Le denunce delle atlete italiane sulle violenze psicologiche invitano ad una riflessione: no allo sport come violenza fisica e psicologica in vista delle prestazioni.

Gli episodi di body shaming e violenza psicologica che stanno emergendo in questi giorni dai racconti di alcune atlete delle “Farfalle” di ginnastica ritmica della nazionale Italiana, sono sicuramente la punta di un iceberg nascosto in alcuni ambienti sportivi ma non solo. Pensiamo che sport, violenza fisica e psicologica non sono termini che possono coesistere.

 Che l’agonismo sia costellato da spirito di sacrificio, di costanza, di fatica e di rigore è indubbio, ma quando questo si trasforma in sofferenza e violenza fisica e psicologica tanto, in alcuni casi, da costringere le atlete a pensieri suicidi, si è superato il limite.

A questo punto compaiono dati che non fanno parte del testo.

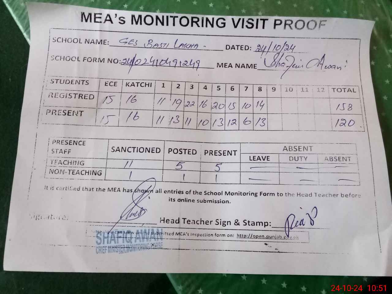 | Attendance Register | Head Teacher | MEA with School | Visit Proof |

Dalla denuncia di Nina Corradini, si è aperto il vaso di Pandora, ex atleta di ginnastica ritmica, è nato un caso su presunti abusi fisici e psicologici perpetrati dalle ex allenatrici del centro federale di Desio, che ha portato altre atlete a raccontare con coraggio le loro esperienze negative, dando una visione di come anche il mondo dello sport sia contaminato da sofferenza, umiliazioni giornaliere, malessere fisico e psicologico sono questi i sentimenti provati dall’atleta Nina Corradini alle parole: “Maialina”, “Vergognati”, “mangia di meno”, “come fai a vederti allo specchio?sentimenti che nel suo caso e in altri si sono trasformati in comportamenti dannosi per la loro salute; come le ripetute privazioni alimentari fino all’assunzione di farmaci per perdere peso, al fine di evitare le continue vessazioni subite dopo i giornalieri check di controllo.

Ancora più sconcertanti, le dichiarazioni di Anna Basta, anche lei ex atleta del centro federale da quando aveva 15 anni. La giovanissima atleta ha raccontato di aver fatto spesso pensieri suicidi, di aver sofferto attacchi di panico e di aver sviluppato problemi alimentari, proseguiti anche dopo l’esperienza sportiva. A tutto ciò si aggiungerebbe, come da quest’ultima dichiarato, l’immobilismo dei “piani alti”, la mancanza di interventi su queste procedure dopo che la stessa aveva denunciato la situazione subita. 

I fenomeni di violenza psicologica e body shaming devono essere pertanto stigmatizzati e repressi all’origine. Fare chiarezza, quando emergono vicende come queste, è dovuta anche per rendere merito e giustizia a tutte quelle società sportive che operano seriamente ed hanno a cuore prima di tutto il benessere delle atlete e degli atleti e che non hanno nulla a che vedere con certe pratiche.

Come Associazione che si occupa di violenza alle donne, dobbiamo lottare affinché tutti ed in particolare i più fragili, abbiano pari dignità e opportunità di esprimersi nello sport come in ogni altro ambito della propria vita personale e lavorativa indipendentemente dal loro peso, altezza, bellezza, abilità e disabilità.